**THE DATA**
######
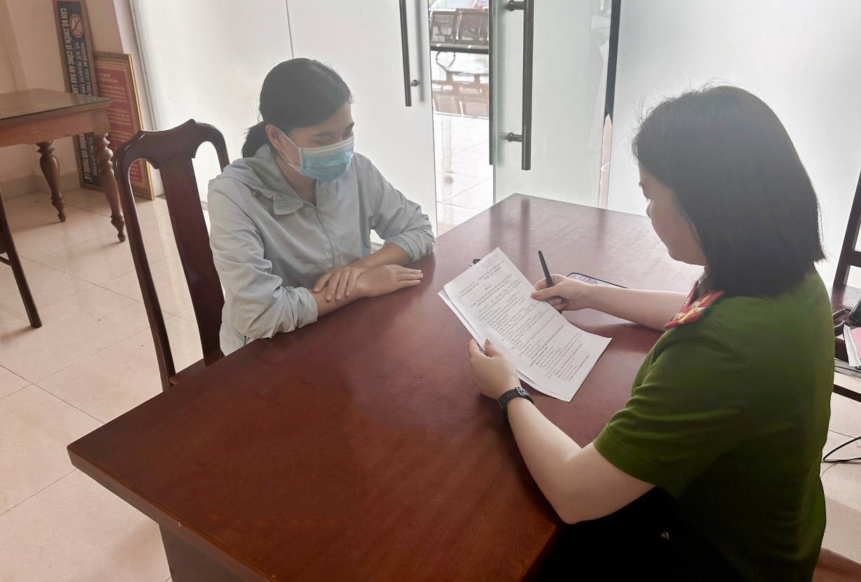 Bị can Nguyễn Thị Huyền (bên trái ảnh) tại Cơ quan Công an
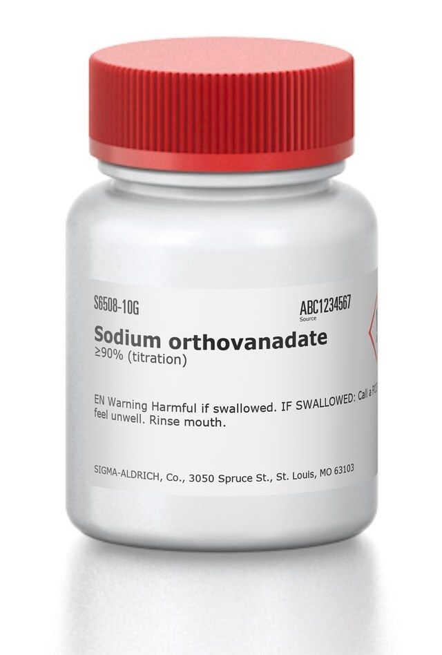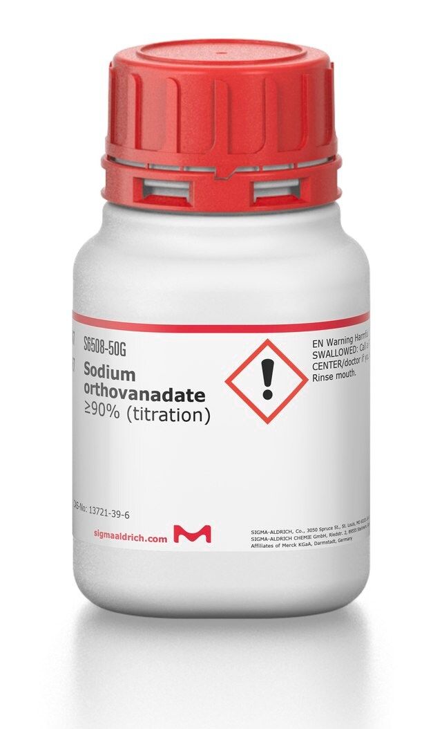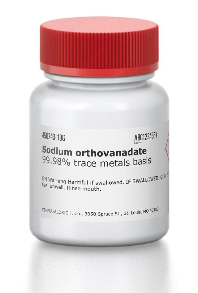 | 应用 | Inhibitor of protein tyrosine phosphatase and alkaline phosphate Sodium orthovanadate is used in protein analysis in molecular biology and acts as an inhibitor of protein tyrosine phosphatases, alkaline phosphatases and kinases. It is also used to prepare the stop solution in dephosphorylation assay of insulin receptor kinase. It serves as a reagent in the development of matrix Chip that utilizes surface-immobilized antibodies. Further, it is utilized for the preservation of protein tyrosyl phosphorylation state in cells and cell lysates. |
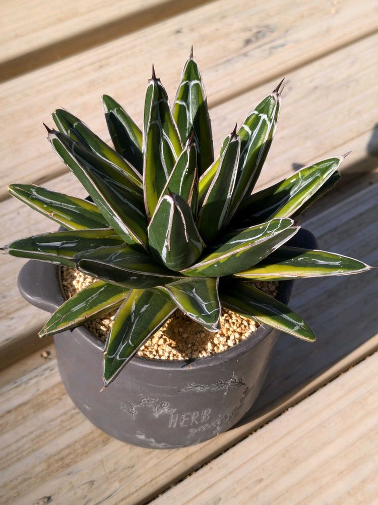 ②アガベ笹の雪(フクリン斑)さん❣️結構トゲが痛かった〜😱
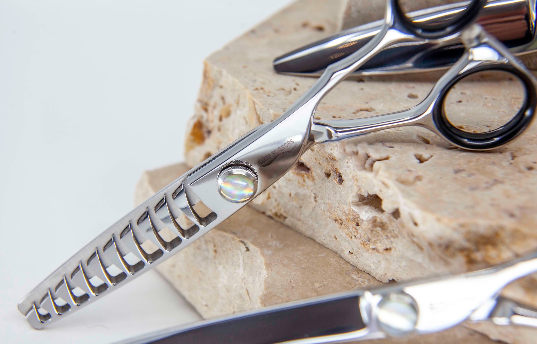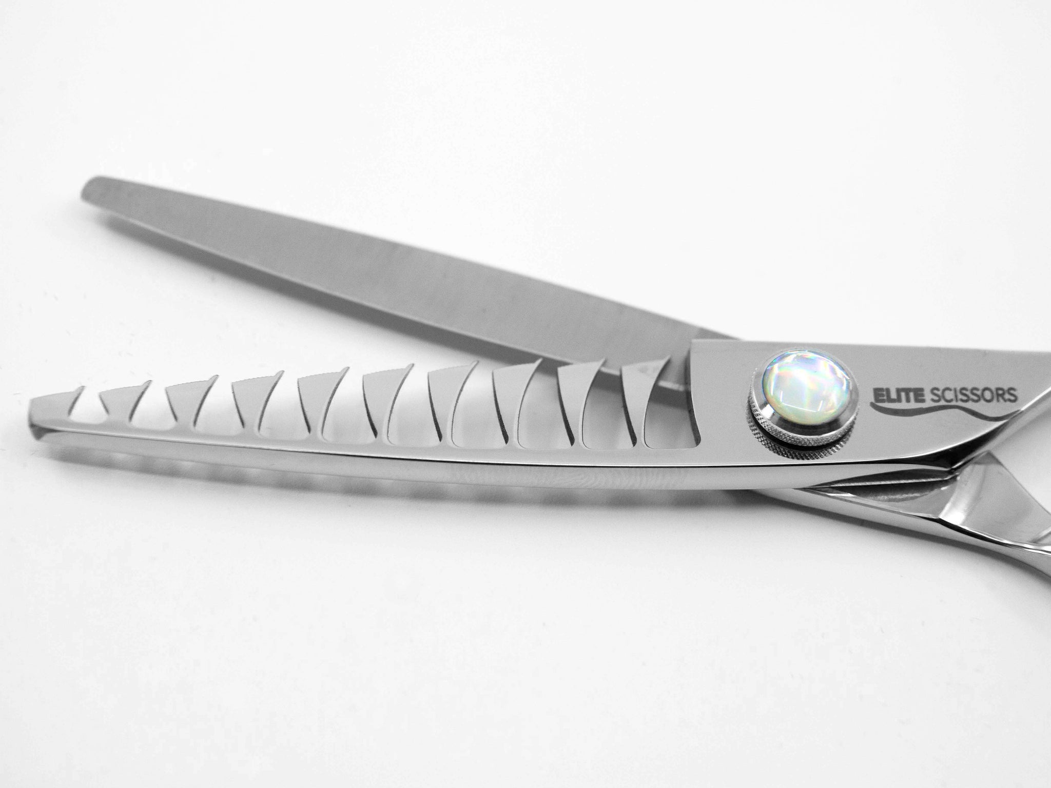 Designed by Kylie Dwyer, the Elite Texturiser is made using premium Japanese 440C Hitachi Steel, 17% Chromium provides excellent anti corrosion qualities and a HRC 58-60 allows the scissors to maintain sharpness for longer periods reducing the need for frequent sharpening.
######
**PROBLEM**
Leave out the pictures and repeat exactly the lines from the first line of the data through the line containing "cell lysates. |". Add nothing else.

**SOLUTION TO THIS EXERCISE**
 Bị can Nguyễn Thị Huyền (bên trái ảnh) tại Cơ quan Công an
 | 应用 | Inhibitor of protein tyrosine phosphatase and alkaline phosphate Sodium orthovanadate is used in protein analysis in molecular biology and acts as an inhibitor of protein tyrosine phosphatases, alkaline phosphatases and kinases. It is also used to prepare the stop solution in dephosphorylation assay of insulin receptor kinase. It serves as a reagent in the development of matrix Chip that utilizes surface-immobilized antibodies. Further, it is utilized for the preservation of protein tyrosyl phosphorylation state in cells and cell lysates. |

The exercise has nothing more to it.